In deze uitspraak van de Rechtbank Zeeland-West-Brabant, gedaan op 29 november 2024, wordt het beroep van belanghebbende tegen de uitspraak op bezwaar van de heffingsambtenaar van de gemeente Schouwen-Duiveland beoordeeld. De heffingsambtenaar had de WOZ-waarde van de woning van belanghebbende vastgesteld op € 479.000 per 1 januari 2022. Belanghebbende was het niet eens met deze waardebepaling en stelde dat de waarde maximaal € 404.000 zou moeten zijn. De rechtbank heeft het beroep ongegrond verklaard, maar constateerde wel een schending van artikel 40 van de Wet WOZ, omdat de heffingsambtenaar bepaalde gegevens niet tijdig had verstrekt aan belanghebbende. Deze schending leidde echter niet tot vernietiging van de uitspraak op bezwaar, omdat de heffingsambtenaar in beroep de ontbrekende informatie alsnog had aangeleverd.
De rechtbank heeft de waarde van de woning beoordeeld aan de hand van de vergelijkingsmethode, waarbij de waarde werd vastgesteld op basis van verkoopprijzen van vergelijkbare woningen. De rechtbank concludeerde dat de heffingsambtenaar voldoende had aangetoond dat de WOZ-waarde niet te hoog was vastgesteld. Belanghebbende had geen overtuigende argumenten aangedragen die de rechtbank deden twijfelen aan de vastgestelde waarde. De rechtbank oordeelde dat de referentiewoningen voldoende vergelijkbaar waren en dat de heffingsambtenaar de verschillen tussen de woningen adequaat had onderbouwd.

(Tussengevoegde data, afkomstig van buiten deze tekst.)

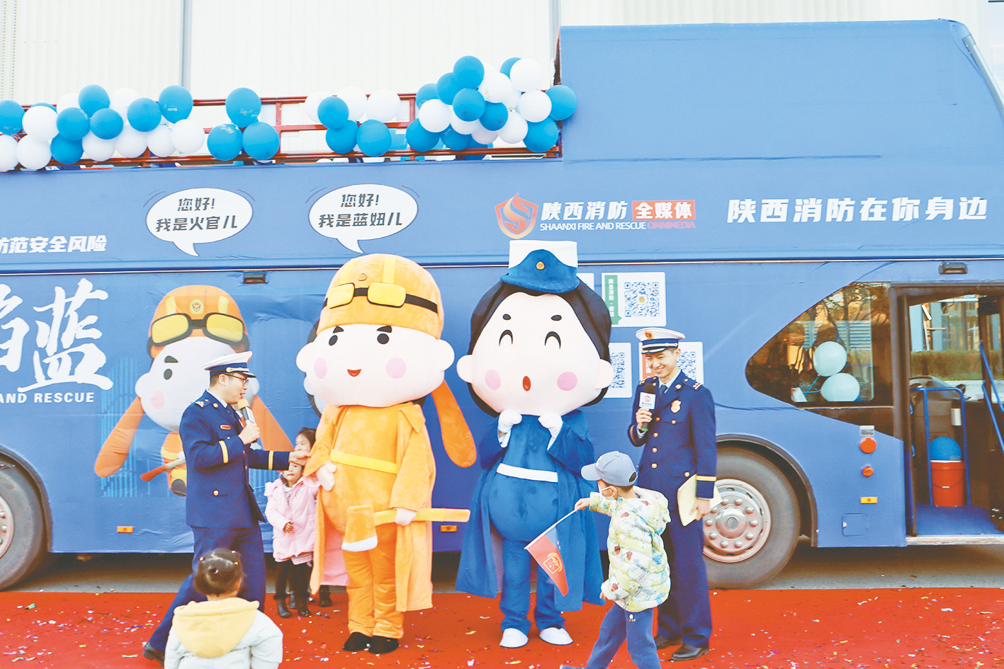 11 月 13、14 日,陕西消防救援总队开展“陕耀火焰蓝巴士”巡游活动,消防文创卡通IP形象“火官儿”“蓝妞儿”首次精彩亮相,与西安市民进行互动游戏。

De rechtbank heeft de heffingsambtenaar bovendien veroordeeld tot betaling van het griffierecht en de proceskosten aan belanghebbende, omdat er sprake was van een gebrek in de procedure. De totale proceskostenvergoeding bedraagt € 1.750. De uitspraak is openbaar gemaakt en partijen zijn geïnformeerd over de mogelijkheid tot hoger beroep.